Comment 59 Michael Catanzaro 2023-01-19 22:50:18 UTC
(In reply to Ray Strode [halfline] from comment #57)
> I'll check back tomorrow, and assuming it resolves all the issues (which ...
> we're already on comment 56 so who knows...) I'll push it upstream and do a
> downstream pull request.

Let's talk to Emmanuele about doing an upstream 3.46.1 release.
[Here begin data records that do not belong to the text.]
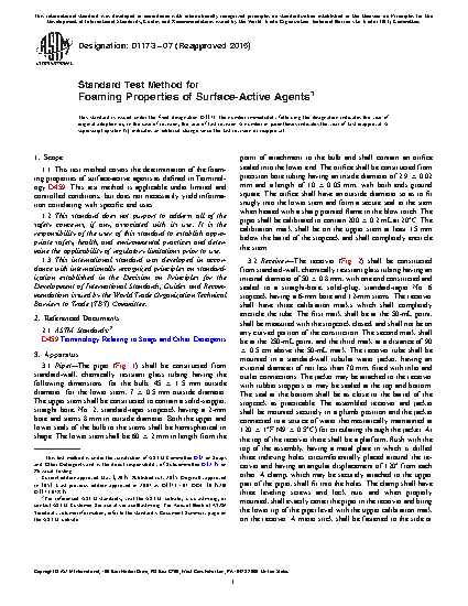1.1 This test method covers the determination of the foaming properties of surface-active agents as defined in Terminology D459. This test method is applicable under limited and controlled conditions, but does not necessarily yield information correlating with specific end uses. This method is subjected to the operator of the method as the foam heights are not always level and an average height is determined by the user so it is more of a qualitative measurement in these instances. However, for foam measurements results taken on more flat uniform samples this method has more of a quantitative quality.
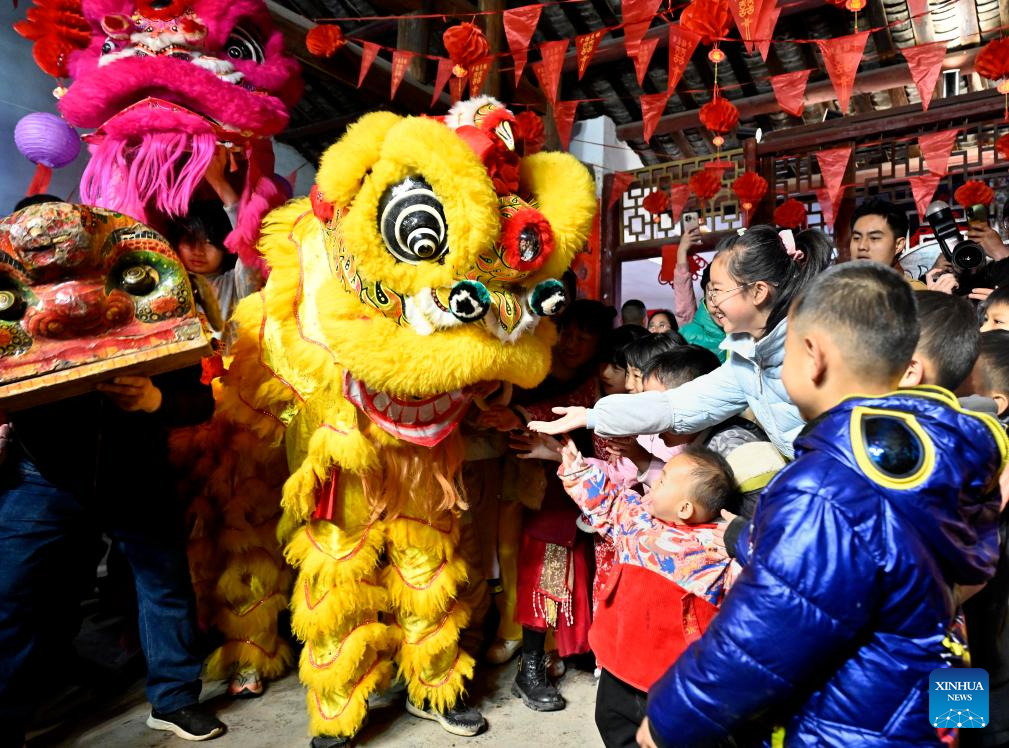 Children receive gifts from a lion dance performer in an event celebrating the upcoming Lantern Festival in Jinde Town of Liuzhou City, south China's Guangxi Zhuang Autonomous Region, Feb. 22, 2024. The Lantern Festival falls on Feb. 24 this year. (Photo by Li Hanchi/Xinhua)
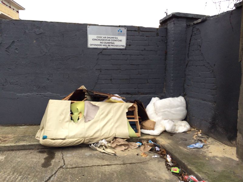 With thanks to SD, who says “Some fly-tipping and some regular waste. You wouldn’t have one without the other. Corner of Donore Avenue and Darleys Terrace Dublin 8.”
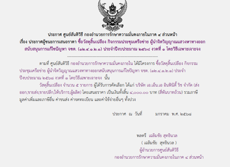จัดซื้อ จัดจ้างประกาศผู้ชนะการเสนอราคา ประกาศผู้ชนะการเสนอราคา ซื้อวัสดุสิ้นเปลือง กิจกรรมประชุมเครือข่าย ผู้นำจิตวิญญาณแสวงหาหาทางออก สนับสนุนการแก้ไขปัญหา จขต. (๑๒.๔.๘.๒.e) ประจำปีงบประมาณ ๒๕๖๘ งวดที่ ๑ โดยวิธีเฉพาะเจาะจง February 12, 2025 281 Share Facebook Twitter Google+ Telegram LINE
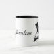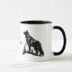 This ceramic coffee mug is shown with an art print of a wolf with Yellowstone text.
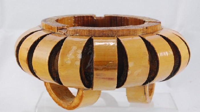 Limbah bonggol bambu itu disulap menjadi sebuah kerajinan asbak dan tempat pensil yang unik.
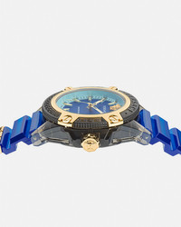 DETAILS The Icon Active watch is a modern and sporty timepiece with transparent elements. Featuring the Medusa and Versace logo at 12 o'clock, a Greca loop accents the metal band. This Indiglo edition features a 3-hands movement and illuminates in the dark. - Case: Transparent polycarbonate round case in IP Black; IP Champagne cage with 4 screws on the top ring - Dial: Blue dial with Medusa; Versace logo at 12h - Bracelet: Transparent Blue PU strap with Greca metal loop at 6h and tongue buckle - Movement: RONDA Vertime 905 Indiglo; Swiss 3-hands quartz movement - Water Resistant: 3 ATM Item: PVE6E003-P0023_RTU_TU_PNUL__ SIZE & FIT - Case size: 1'7" in
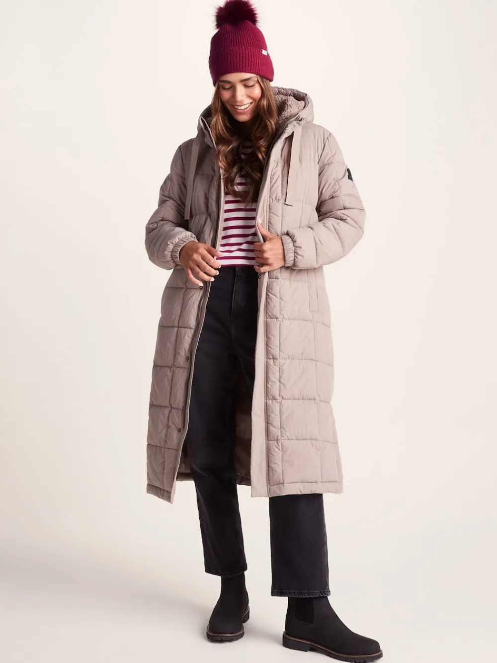 Say hello to Anya knitted hat. Your new winter go-to when the cold creeps in. Cosy. Comfy. And full of charm. This woolly hat is the winter essential you’ll be reaching for on repeat. The chunky ribbed knit hugs your head in gentle warmth. Like a hot brew on a frosty morning. The Anya beanie hat keeps the heat in and the chill out no matter what the forecast throws your way. With the turn-up fitting close to your ears for extra warmth where it matters most and holding it’s shape day after day. Up top. A faux fur pom pom brings a bit of cheer to grey skies. Because practical doesn’t have to mean boring. Whether you’re mooching around a Christmas market or braving an icy school run. This woolly hat has got you covered. Finished with a subtle TOG24 badge on the turn-up. This knitted hat pairs easily with anything in your cold-weather wardrobe. Just pull it on. Head out. And let the cold do it’s worst. Machine washable. Main 70% Acrylic, 26% Nylon, 4% Elastane. Lining 75% Acrylic, 14% Modacrylic, 11% Polyester.

I might help with this.

Comment 60 Ray Strode [halfline] 2023-01-20 14:49:21 UTC
So I think the best way forward is:

1. I'll do a new build right now, there's no reason to delay, especially since people have been living with a regression for a couple weeks now, and we already have scratch srpm tested...
2. You wrangle the release, though.
3. We can just drop the patch and do another update then

Comment 61 Fedora Update System 2023-01-20 15:05:44 UTC
FEDORA-2023-e966905644 has been submitted as an update to Fedora 37. https://bodhi.fedoraproject.org/updates/FEDORA-2023-e966905644

Comment 62 Fedora Update System 2023-01-22 02:41:01 UTC
FEDORA-2023-e966905644 has been pushed to the Fedora 37 testing repository.
Soon you'll be able to install the update with the following command:
`sudo dnf upgrade --enablerepo=updates-testing --refresh --advisory=FEDORA-2023-e966905644`
You can provide feedback for this update here: https://bodhi.fedoraproject.org/updates/FEDORA-2023-e966905644

See also https://fedoraproject.org/wiki/QA:Updates_Testing for more information on how to test updates.

Comment 63 Fedora Update System 2023-01-26 01:21:38 UTC
FEDORA-2023-e966905644 has been pushed to the Fedora 37 stable repository.
If problem still persists, please make note of it in this bug report.